Les erreurs médicales : une réalité inquiétante
Émission du 21 septembre 2006
L’histoire de Johanne Daly
Johanne Daly est mécanicienne de métier. Elle vit aujourd’hui avec une invalidité
permanente à la suite d’un accident de travail. En 2001, son coffre à outils pesant près de
2000 livres lui tombe sur le pied. Son tendon d'Achille est sectionné. À la suite de cet
accident, elle estime avoir été victime d’au moins dix erreurs médicales successives dont
une thrombophlébite non diagnostiquée, un mauvais replacement du pied au cours d’une
opération, trois mauvaises orthèses. Son état a dégénéré à un point tel qu'elle a failli être
amputée.
Aujourd’hui, Johanne Daly poursuit cinq médecins de l'Hôpital Maisonneuve-Rosemont
pour une somme de 672 000 dollars. Selon la poursuite, les cinq médecins (sur huit
qu’elle a consulté) ne lui ont pas apporté les soins et les traitements appropriés et ne l'ont
pas suivie adéquatement.
L’erreur médicale en chiffres :
Chaque année, au Québec, 650 000 personnes sont hospitalisées. De ce nombre, on
estime, en moyenne, que un patient sur cent, serait victime de «préjudices corporels
évitables», terme officiel désignant toute forme d’erreur médicale. Pourtant, 95 % d’entre
elles endurent leur mal, souvent parce qu’elles ignorent carrément ce qui leur est arrivé.
L’an passé, 190 poursuites ont été intentées au Québec contre des médecins.
Les poursuites visent le plus souvent les obstétriciens, les orthopédistes et les
neurochirurgiens, qui comptent à eux trois pour 60 % de toutes les erreurs médicales
commises en milieu hospitalier. Hors du milieu hospitalier, ce sont les plasticiens qui
sont les plus poursuivis : un sur quatre est poursuivi chaque année au Canada.
Mais qu’est-ce qui amène les gens à poursuivre?

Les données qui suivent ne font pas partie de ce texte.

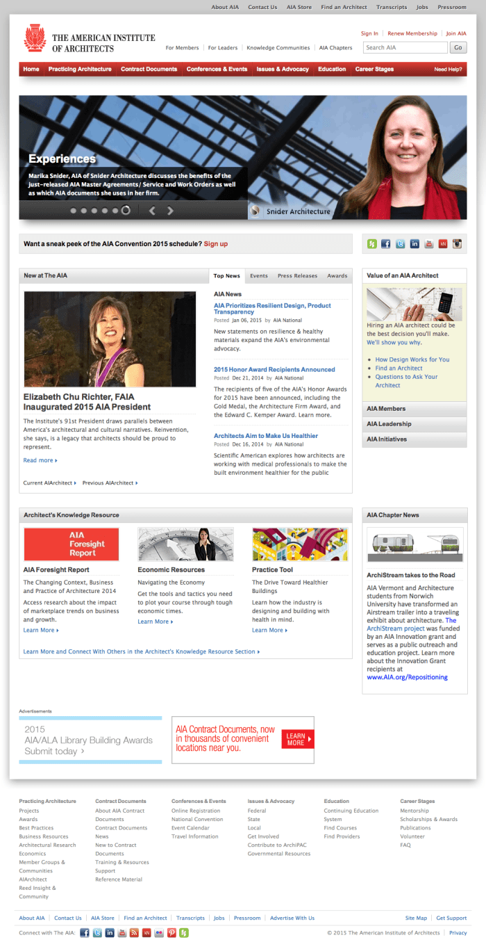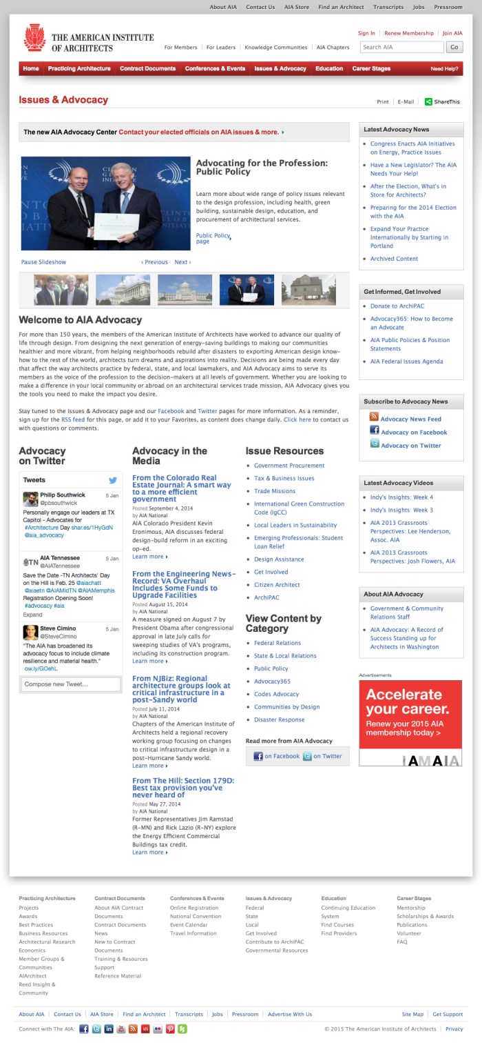 - Worked with the advocacy team at the AIA to determine content opportunities and procedures for their new page.
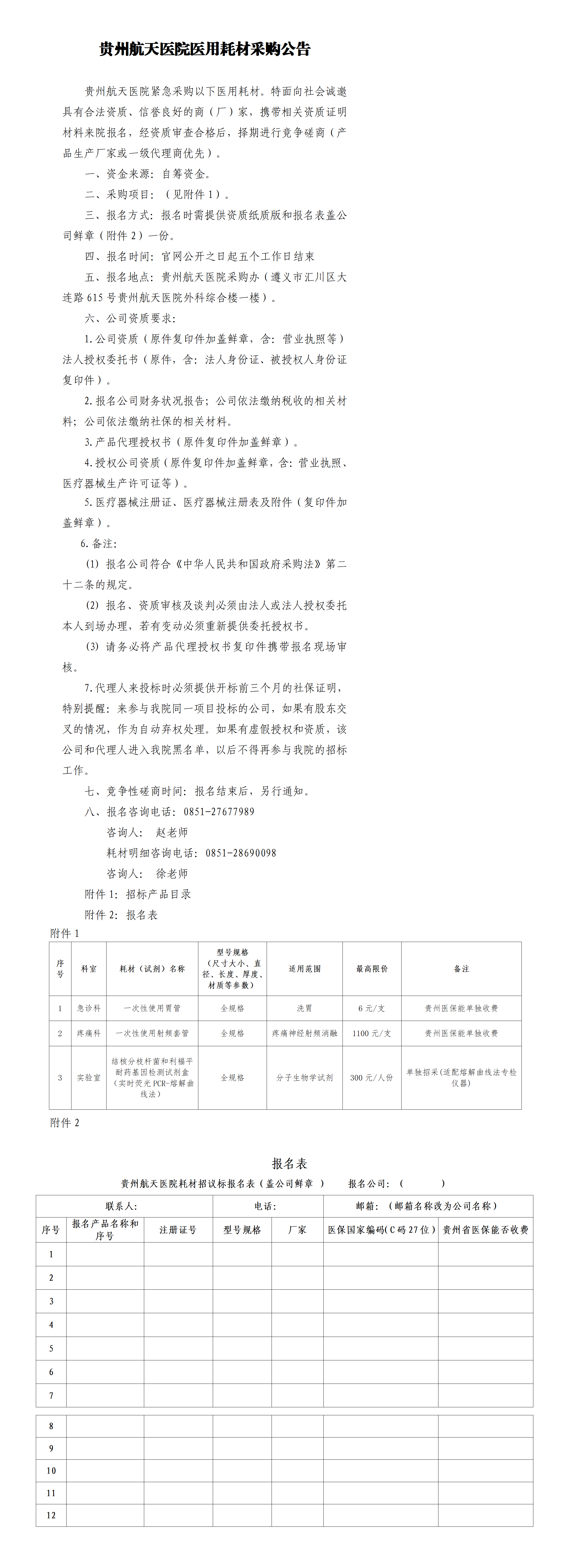 贵州航天医院电子支气管镜维修服务单一来源采购项目公告

Selon Me Jean-Pierre Ménard, avocat
de Montréal spécialisé en poursuites à la suite d’erreurs médicales, la majorité des gens
qui se présentent à son bureau lui disent : «…pour que cela se sache. Pour que ça
n’arrive pas à d’autres…». D’après lui, ce que les gens recherchent avant tout, c’est
l’imputabilité du système de santé.
Mais la poursuite, dans un cas d’erreur médicale, n’est pas chose facile pour le patient qui
amorce souvent un processus long, pénible et coûteux.
Les erreurs : comment elles se produisent
Le Dr Alain Vadeboncoeur, urgentologue à l’Institut de cardiologie de Montréal, agit à
titre d’expert dans des dossiers impliquant des erreurs médicales. Oui, les médecins font
aussi des erreurs, dit-il: «… on n’est pas des machines…». Plus souvent qu’autrement,
dit-il, une erreur résulte d’un ensemble de mauvaises décisions, prises par plusieurs,
souvent dans un contexte loin d’être parfait, comme celui de l’urgence.